Можетъ быть, если бы онъ учился, изъ него вышелъ бы приличный приватъ-доцентъ.
А теперь, хотя онъ и любилъ поговорить, но словъ у него, вообще, не хватало, и онъ этотъ недостатокъ восполнялъ такой страшной жестикуляціей, что его жилистые, грязные кулаки, кое-какъ прикрѣпленные къ двумъ вялымъ рукамъ-плетямъ, во время движенія издавали даже свистъ, какъ камни, выпущенные изъ пращи.
Грязная, форменная тужурка, обтрепанныя, съ громадными вздутіями на тощихъ колѣняхъ, брюки и фуражка съ полуоторваннымъ козырыкомъ — все это, какъ пожаръ — Москвѣ, служило украшеніемъ Надькину.
II.
Сегодня, въ ясный пасхальный день, друзья наслаждались въ полномъ объемѣ: солнце грѣло, бока нѣжила свѣтлая весенняя, немного примятая травка, а на разостланной газетѣ были разложены и разставлены, не безъ уклона въ сторону буржуазности, полдюжины крашенныхъ яицъ, жареная курица, съ полъ-аршина свернутой бубликомъ «малороссійской» колбасы, покривившійся отъ рахита куличъ, увѣнчанный сахарнымъ розаномъ, и бутылка водки.
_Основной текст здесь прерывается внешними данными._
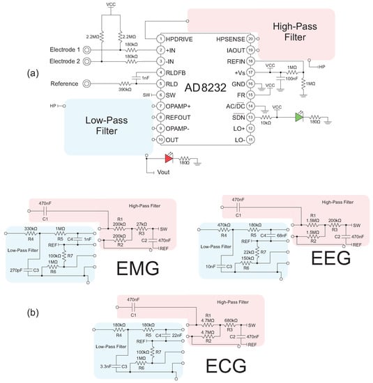 Schematic of the developed circuit. (a) A complete circuit schematic, with the components that are not changed during each biopotential design. The high-pass and low-pass filter placement are highlighted and detailed in (b) for the three chosen biopotentials.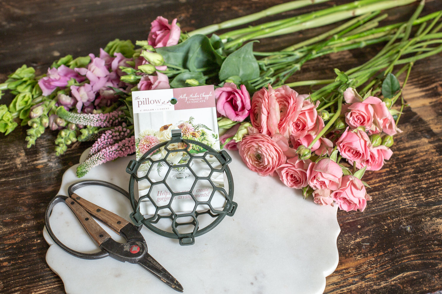 Create stunning floral arrangements for Valentines Day using the Pillow mechanic from Holly Chapple. The Pillow locks flowers in place, stem by stem, while you create gorgeous, airy arrangements.

Ѣли и пили истово, какъ мастера этого дѣла. Спѣшить было некуда; отдаленный перезвонъ колоколовъ навѣвалъ на душу тихую задумчивость, и, кромѣ того, оба чувствовали себя по-праздничному, такъ какъ голову Неизвѣстнаго человѣка украшала новая барашковая шапка, вымѣненная у ошалѣвшаго горожанина чуть ли не на сто десятинъ ленкоранскаго лѣса, а телеграфистъ Надькинъ украсилъ грудь букетомъ подснѣжниковъ и, кромѣ того, еще съ утра вымылъ руки и лицо.
Поэтому оба и были такъ умилительно-спокойны и не торопливы.
Прекрасное должно быть величаво…
Поѣли…
Телеграфистъ Надькинъ перевернулся на спину, подставилъ солнечнымъ лучамъ сразу сбѣжавшуюся въ мeлкія складки прищуренную физіономію и съ нѣгой въ голосъ простоналъ:
— Хо-ро-шо!
— Это что, — мотнулъ головой Неизвѣстный человѣкъ, шлепая ради забавы отклеившейся подметкой. — Развѣ такъ бываетъ хорошо? Вотъ когда я свои ленкоранскіе лѣса сплавлю, — вотъ жизнь пойдетъ. Оба, братъ, изъ фрака не вылѣземъ… На шампанское чихать будемъ. Впрочемъ, продавать не все нужно: я тебѣ оставлю весь участокъ, который на море, а себѣ возьму на большой дорогѣ, которая на Тавризъ. Ба-альшія дѣла накрутимъ.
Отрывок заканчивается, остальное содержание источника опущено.